Catone in Utica, libretto, Stoccarda, Cotta, 1754

                               Io non ho fibra in seno
 che non mi tremi.
 BARCE
                                    Attilia
 non dobbiamo avvilirci. Alfin più chiaro
 è adesso il ciel di quel che fu; si vede
 pur di speranza un raggio.
 ATTILIA
880Ah Barce, è ver; ma non mi dà coraggio.
 
    Non è la mia speranza
 luce di ciel sereno;
 di torbido baleno
 è languido splendor.
 
885   Splendor che in lontananza
 nel comparir si cela,
 che il rischio, oh dio, mi svela
 ma non lo fa minor. (Parte)
 
 
 SCENA XII
 
 BARCE sola
 
 BARCE
 Rassicurar procuro
890l’alma d’Attilia oppressa,
 ardir vo consigliando e tremo io stessa.
 Ebbi assai più coraggio
 quando meno sperai. La tema incerta
 solo allor m’affliggea d’un mal futuro;
895or di perder pavento un ben sicuro.
 
    S’espone a perdersi
 nel mare infido
 chi l’onde instabili
 solcando va.
 
900   Ma quel sommergersi
 vicino al lido,
 è troppo barbara
 fatalità. (Parte)
 
 Fine dell’atto secondo
 
 
 ATTO TERZO
 
 SCENA PRIMA
 
 Sala terrena.
 
 REGOLO, guardie africane e poi MANLIO
 
 REGOLO
 Ma che si fa? Non seppe
905forse ancor del Senato
 Amilcare il voler? Dov’è? Si trovi;
 partir convien. Qui che sperar per lui,
 per me non v’è più che bramar. Diventa
 colpa ad entrambi or la dimora. Ah vieni,
910vieni amico al mio seno. Era in pericolo
 senza te la mia gloria. I ceppi miei
 per te conservo; a te si deve il frutto
 della mia schiavitù.
 MANLIO
                                       Sì; ma tu parti.
 Sì; ma noi ti perdiam.
 REGOLO
                                            Mi perdereste
915s’io non partissi.
 MANLIO
                                 Ah!
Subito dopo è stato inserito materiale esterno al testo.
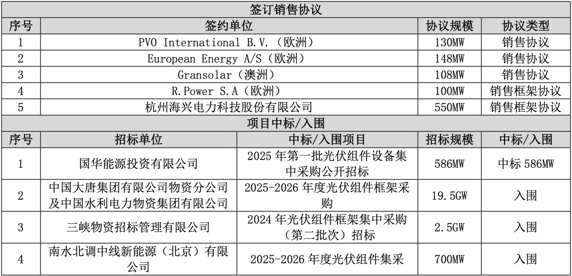 4月8日,通威股份(SH:600438)发布近期公司组件业务大型销售协议签署及主要项目中标、入围情况,其中签订销售协议合计1036MW,项目中标/入围合计23.286GW,以上共计24.322GW。具体如下: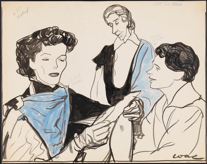 [Judy Parrish as Phoebe, Katharine Hepburn as Rosalind and William Prince as Orlando in "As You Like It".]

Perché mai sì tardi
 incomincio ad amarti? Altri finora,
 Regolo, non avesti
 pegni dell’amor mio, se non funesti.
 REGOLO
 Pretenderne maggiori
920da un vero amico io non potea; ma pure
 se il generoso Manlio altri vuol darne,
 altri ne chiederò.
 MANLIO
                                  Parla.
 REGOLO
                                               Compito
 ogni dover di cittadino, alfine
 mi sovvien che son padre. Io lascio in Roma
925due figli, il sai, Publio ed Attilia; e questi
 son del mio cor, dopo la patria, il primo,
 il più tenero affetto. In lor traluce
 indole non volgar; ma sono ancora
 piante immature e di cultor prudente
930abbisognano entrambi. Il ciel non volle
 che l’opera io compissi. Ah tu ne prendi
 per me pietosa cura;
 tu di lor con usura
 la perdita compensa. Al tuo bel core
935debbano e a’ tuoi consigli
 la gloria il padre e l’assistenza i figli.
 MANLIO
 Sì tel prometto. I preziosi germi
 custodirò geloso. Avranno un padre,
 se non degno così, tenero almeno
940al par di te. Della virtù romana
 io lor le tracce additerò. Né molto
 sudor mi costerà. Basta a quell’alme,
 di bel desio già per natura accese,
 l’istoria udir delle paterne imprese.
 REGOLO
945Or sì più non mi resta...
 
 SCENA II
 
 PUBLIO e detti
 
 PUBLIO
 Manlio! Padre!
 REGOLO
                               Che avvenne?
 PUBLIO
 Roma tutta è in tumulto. Il popol freme;
 non si vuol che tu parta.
 REGOLO
                                              E sarà vero
 che un vergognoso cambio
950possa Roma bramar?
 PUBLIO
                                          No; cambio o pace
 Roma non vuol; vuol che tu resti.
 REGOLO
                                                              Io! Come?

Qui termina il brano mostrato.